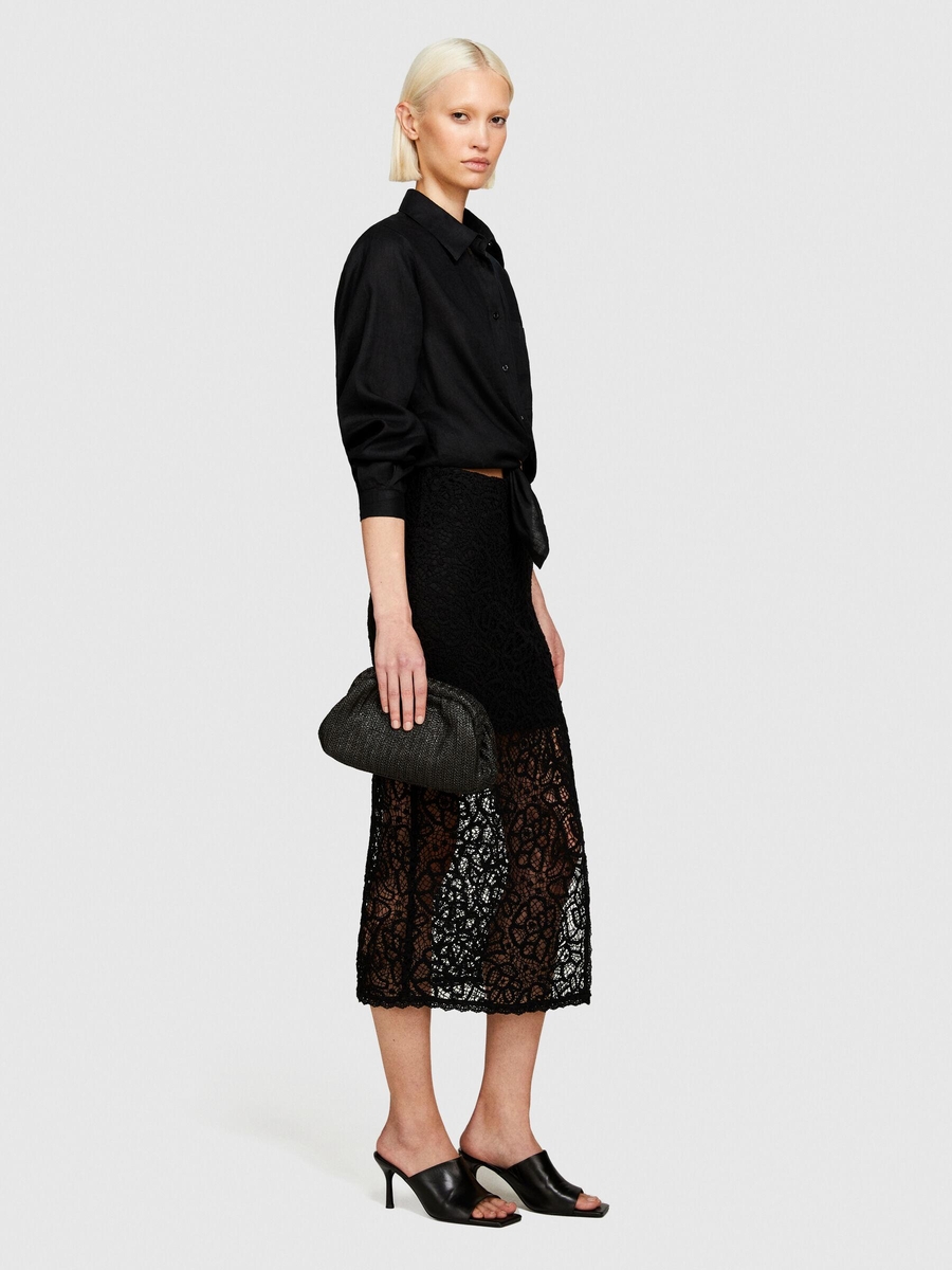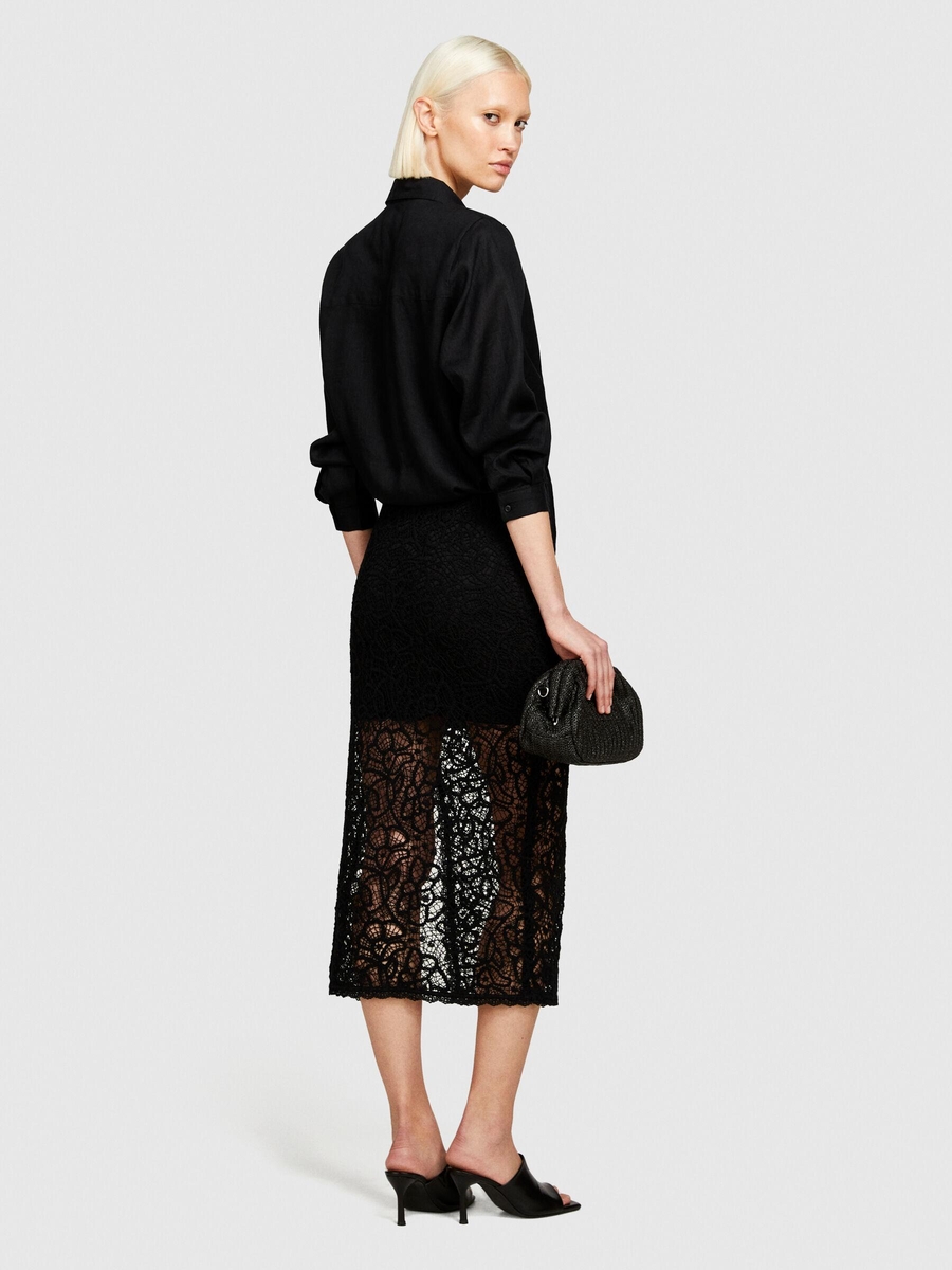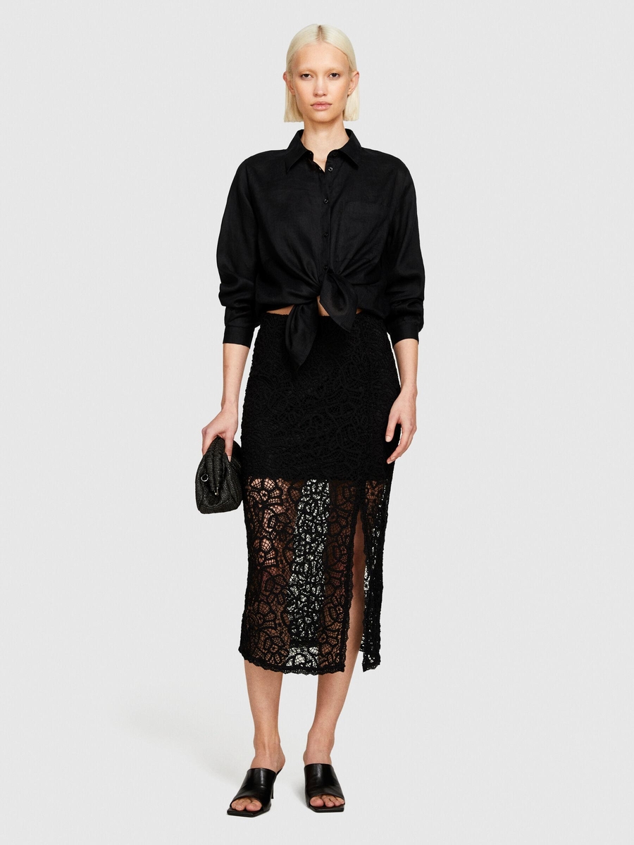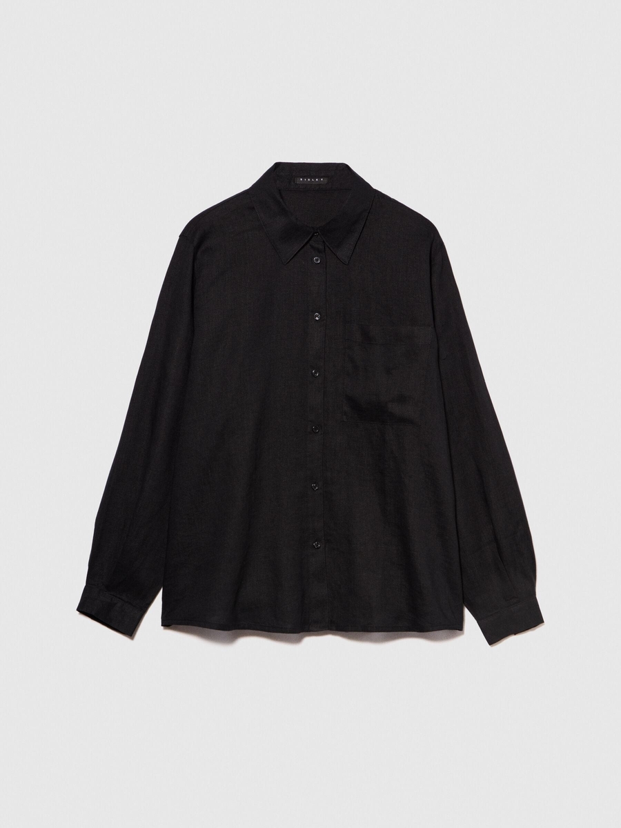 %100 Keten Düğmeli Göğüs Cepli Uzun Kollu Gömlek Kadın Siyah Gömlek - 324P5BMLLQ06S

* * * * * * *

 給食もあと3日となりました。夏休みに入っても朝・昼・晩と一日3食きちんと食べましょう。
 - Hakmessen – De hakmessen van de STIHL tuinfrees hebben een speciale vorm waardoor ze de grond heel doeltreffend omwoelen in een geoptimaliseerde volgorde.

* * * * * * *

(Directions for this task)
Please reproduce the lines from the line with "給食もあと3日となりました。" to the line with "- Hakmessen –", both ends included, exactly as they appear above.

(Exercise response)
 給食もあと3日となりました。夏休みに入っても朝・昼・晩と一日3食きちんと食べましょう。
 - Hakmessen – De hakmessen van de STIHL tuinfrees hebben een speciale vorm waardoor ze de grond heel doeltreffend omwoelen in een geoptimaliseerde volgorde.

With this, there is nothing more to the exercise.